Stacking fault energy and creep mechanism of a single-crystal nickel-based superalloy

The stacking fault energy and creep mechanism of a single-crystal nickel-based superalloy at different temperatures were studied. The results showed that the stacking fault energy increased with the increase in temperature, and element Ru greatly reduced the stacking fault energy compared with other elements in the alloy. The creep mechanism of the alloy was a < 110 > super-dislocation shearing into the gamma ' phase below 850 degrees C, and the super-dislocation could be decomposed into the configuration of (a/3) < 112 > partial dislocations plus super-lattice intrinsic stacking fault. The resistance of the dislocation decomposition increased during creep above 850 degrees C, the a < 110 > super-dislocation did not decompose when it cut into the gamma ' phase along the {111} plane.

Automated summary

This study investigated the stacking fault energy and creep mechanism of a single-crystal nickel-based superalloy at different temperatures. The results revealed that the stacking fault energy increased with temperature and that the presence of element Ru significantly reduced the stacking fault energy compared to other elements in the alloy.
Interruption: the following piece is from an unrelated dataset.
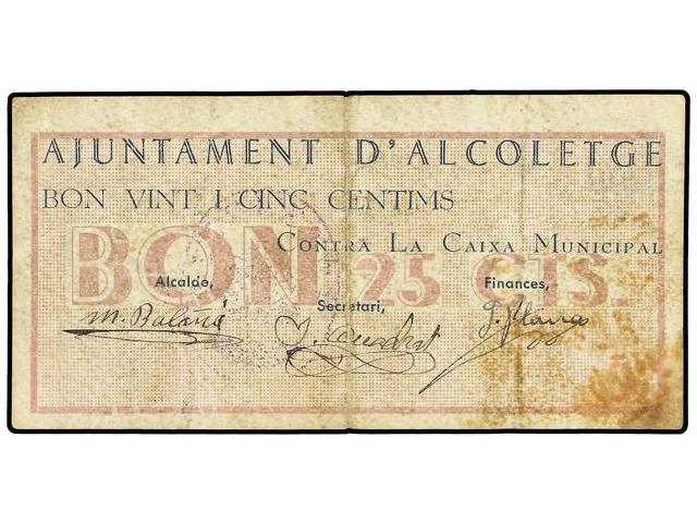 25 Cèntims. 1 Juliol 1937. Aj. d´ALCOLETGE. (Sucio). AT-82; T-105. MBC-.

The creep mechanism involved <110> super-dislocation shearing into the gamma ' phase below 850 degrees C, which could be decomposed into (a/3) <112> partial dislocations and super-lattice intrinsic stacking fault. However, above 850 degrees C, the resistance to dislocation decomposition increased, and the a <110> super-dislocation did not decompose when it cut into the gamma ' phase along the {111} plane.